The 'options' argument is a map containing the following optional entries:

`:juxt.reap/decode-preserve-case`:: Set to true to prevent the parser from transforming tokens that are treated as case-insensitive to lower-case. This lossy transformation simplifies case-insensitive comparisons. Defaults to nil (false).

`:juxt.reap/encode-case-transform`:: Set to `:lower` to transform generated tokens to lower-case, where applicable (where the token is semantically case-insensitive). Set to `:canonical` to transform tokens and header values to their canonical case. Defaults to nil.

== References

https://tools.ietf.org/html/rfc7230[Hypertext Transfer Protocol (HTTP/1.1): Message Syntax and Routing]

https://tools.ietf.org/html/rfc7231[Hypertext Transfer Protocol (HTTP/1.1): Semantics and Content]

https://tools.ietf.org/html/rfc7232[Hypertext Transfer Protocol (HTTP/1.1): Conditional Requests]

https://tools.ietf.org/html/rfc7233[Hypertext Transfer Protocol (HTTP/1.1): Range Requests]

https://tools.ietf.org/html/rfc7234[Hypertext Transfer Protocol (HTTP/1.1): Caching]

https://tools.ietf.org/html/rfc7235[Hypertext Transfer Protocol (HTTP/1.1): Authentication]

https://github.com/Engelberg/instaparse[Instaparse]

https://github.com/Engelberg/instaparse/blob/master/docs/ABNF.md[Instaparse: ABNF Input Format]

https://cse.unl.edu/~choueiry/Documents/Allen-CACM1983.pdf[Maintaining Knowledge about Temporal Intervals, James F. Allen]

https://bford.info/pub/lang/peg.pdf[Parsing Expression Grammars: A Recognition-Based Syntactic Foundation]

https://github.com/ericnormand/squarepeg[squarepeg]: Eric Normand's PEG parsing library (Clojure)

https://github.com/aroemers/crustimoney[crustimoney]: Arnout Roemers' Clojure library for "PEG parsing, supporting various grammars, packrat caching and cuts."

https://www.infoq.com/presentations/Parser-Combinators/[Parser Combinators: How to Parse (nearly) Anything]: Nate Young's Strange Look talk.

== License

The MIT License (MIT)

Copyright © 2020-2024 JUXT LTD.

Permission is hereby granted, free of charge, to any person obtaining a copy of
this software and associated documentation files (the "Software"), to deal in
the Software without restriction, including without limitation the rights to
use, copy, modify, merge, publish, distribute, sublicense, and/or sell copies of
the Software, and to permit persons to whom the Software is furnished to do so,
subject to the following conditions:

The above copyright notice and this permission notice shall be included in all
copies or substantial portions of the Software.

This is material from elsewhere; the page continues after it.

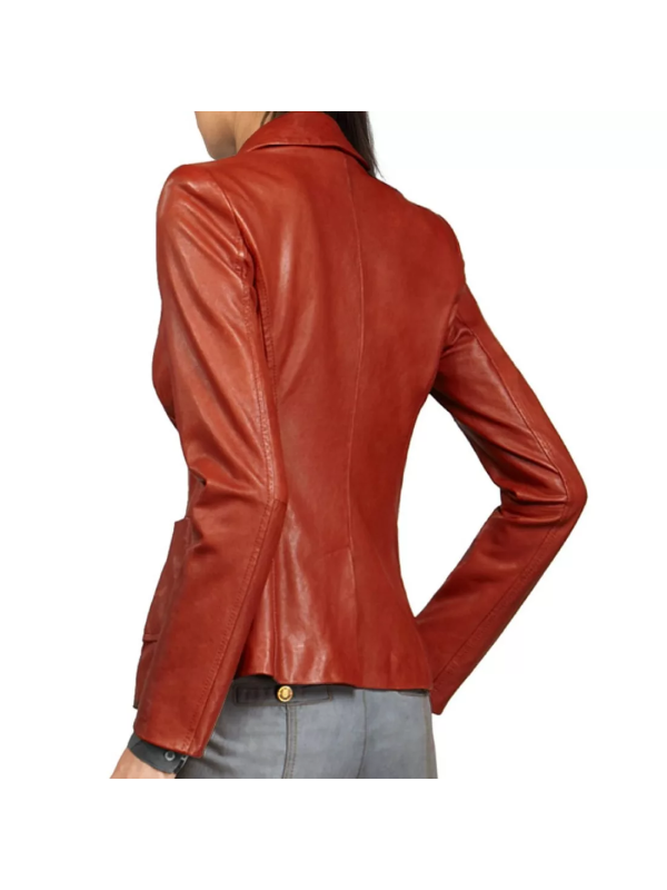 The Women Red Leather Blazer is a statement piece that combines style and sophistication with bold and contemporary style. This blazer is made of high quality leather and is designed to provide comfort and durability to the wearer, thus it can be used in any modern woman wardrobe. Its bold red color is a confidence and flair guarantee that you stand out in the office, at a casual brunch or even at a night out in the town.

THE SOFTWARE IS PROVIDED "AS IS", WITHOUT WARRANTY OF ANY KIND, EXPRESS OR
IMPLIED, INCLUDING BUT NOT LIMITED TO THE WARRANTIES OF MERCHANTABILITY, FITNESS
FOR A PARTICULAR PURPOSE AND NONINFRINGEMENT. IN NO EVENT SHALL THE AUTHORS OR
COPYRIGHT HOLDERS BE LIABLE FOR ANY CLAIM, DAMAGES OR OTHER LIABILITY, WHETHER
IN AN ACTION OF CONTRACT, TORT OR OTHERWISE, ARISING FROM, OUT OF OR IN
CONNECTION WITH THE SOFTWARE OR THE USE OR OTHER DEALINGS IN THE SOFTWARE.